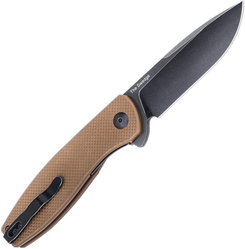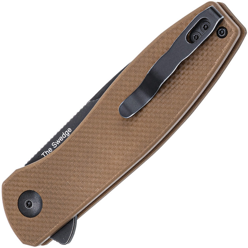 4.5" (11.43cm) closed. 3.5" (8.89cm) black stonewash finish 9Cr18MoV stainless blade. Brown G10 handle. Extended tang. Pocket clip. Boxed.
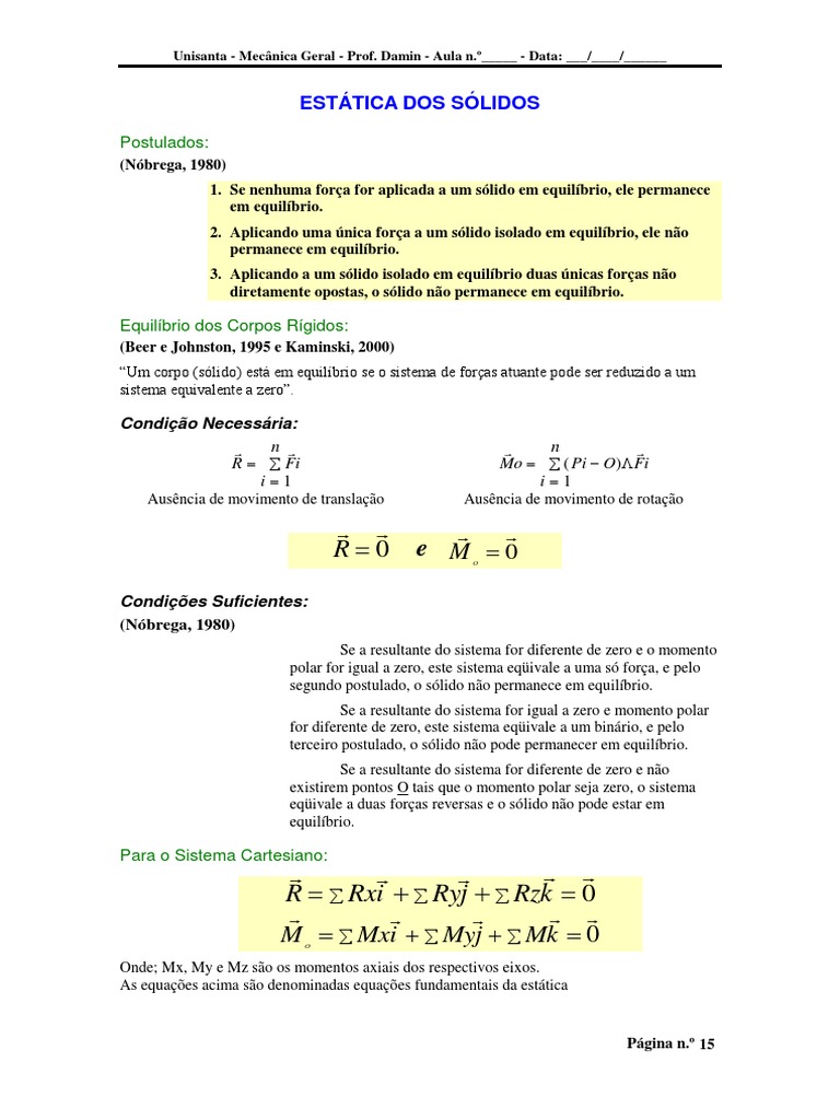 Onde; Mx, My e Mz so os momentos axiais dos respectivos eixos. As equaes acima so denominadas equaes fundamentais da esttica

* * *

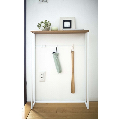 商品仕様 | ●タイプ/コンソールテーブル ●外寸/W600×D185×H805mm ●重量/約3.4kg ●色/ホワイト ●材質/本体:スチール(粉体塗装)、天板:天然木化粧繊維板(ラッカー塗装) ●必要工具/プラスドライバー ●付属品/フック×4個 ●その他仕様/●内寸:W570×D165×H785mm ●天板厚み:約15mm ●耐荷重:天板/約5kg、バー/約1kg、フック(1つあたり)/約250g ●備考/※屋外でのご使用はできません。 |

=== Action item ===
What's needed is an exact copy of the records above from the line containing "Pocket clip. Boxed." down to the line containing "Onde; Mx, My", both included, without any pictures.

=== Answer for the task ===
 4.5" (11.43cm) closed. 3.5" (8.89cm) black stonewash finish 9Cr18MoV stainless blade. Brown G10 handle. Extended tang. Pocket clip. Boxed.
 Onde; Mx, My e Mz so os momentos axiais dos respectivos eixos. As equaes acima so denominadas equaes fundamentais da esttica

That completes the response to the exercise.